**Task brief**
Below are records with pictures. Transcribe exactly, and only, the lines from the line with "Trâm tóc NGỌC" to the line with "SIRUN es una sandalia tipo", both ends included, but not the pictures.

**Given information**
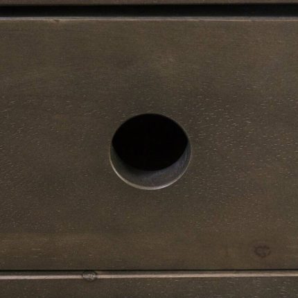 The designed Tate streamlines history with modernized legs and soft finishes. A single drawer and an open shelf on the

---

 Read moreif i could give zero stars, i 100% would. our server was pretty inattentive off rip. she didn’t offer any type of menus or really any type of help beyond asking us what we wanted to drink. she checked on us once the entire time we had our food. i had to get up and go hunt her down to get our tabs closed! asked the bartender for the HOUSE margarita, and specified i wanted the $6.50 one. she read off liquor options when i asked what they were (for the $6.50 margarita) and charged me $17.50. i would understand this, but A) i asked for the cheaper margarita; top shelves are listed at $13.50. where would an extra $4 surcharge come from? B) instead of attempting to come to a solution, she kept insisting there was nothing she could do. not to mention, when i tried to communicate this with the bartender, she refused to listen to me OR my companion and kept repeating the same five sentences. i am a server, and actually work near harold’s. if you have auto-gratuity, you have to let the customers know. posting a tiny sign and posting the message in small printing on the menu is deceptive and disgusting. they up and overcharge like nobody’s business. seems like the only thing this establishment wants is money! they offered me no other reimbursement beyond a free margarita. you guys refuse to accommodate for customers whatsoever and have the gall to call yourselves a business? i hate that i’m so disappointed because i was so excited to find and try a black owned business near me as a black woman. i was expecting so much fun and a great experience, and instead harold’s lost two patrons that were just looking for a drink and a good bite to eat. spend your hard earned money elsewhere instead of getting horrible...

* * *

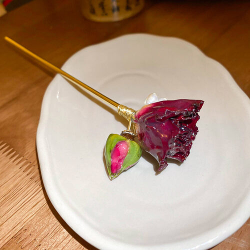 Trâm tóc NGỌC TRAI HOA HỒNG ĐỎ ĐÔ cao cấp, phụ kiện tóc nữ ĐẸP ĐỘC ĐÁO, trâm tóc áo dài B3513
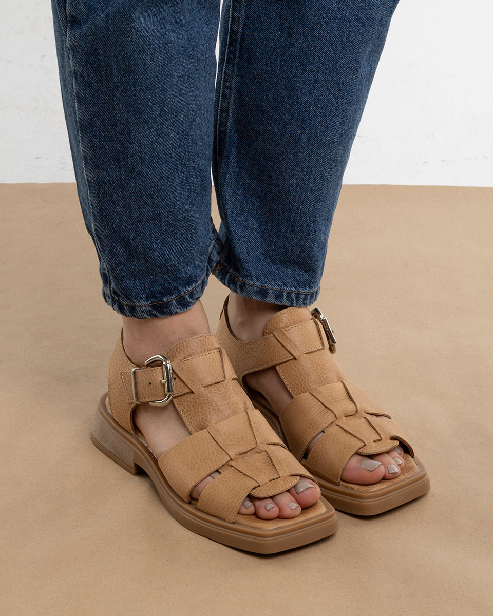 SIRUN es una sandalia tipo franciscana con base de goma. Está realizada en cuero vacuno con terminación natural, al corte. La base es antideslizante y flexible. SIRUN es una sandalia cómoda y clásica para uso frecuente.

**Exercise output**
 Trâm tóc NGỌC TRAI HOA HỒNG ĐỎ ĐÔ cao cấp, phụ kiện tóc nữ ĐẸP ĐỘC ĐÁO, trâm tóc áo dài B3513
 SIRUN es una sandalia tipo franciscana con base de goma. Está realizada en cuero vacuno con terminación natural, al corte. La base es antideslizante y flexible. SIRUN es una sandalia cómoda y clásica para uso frecuente.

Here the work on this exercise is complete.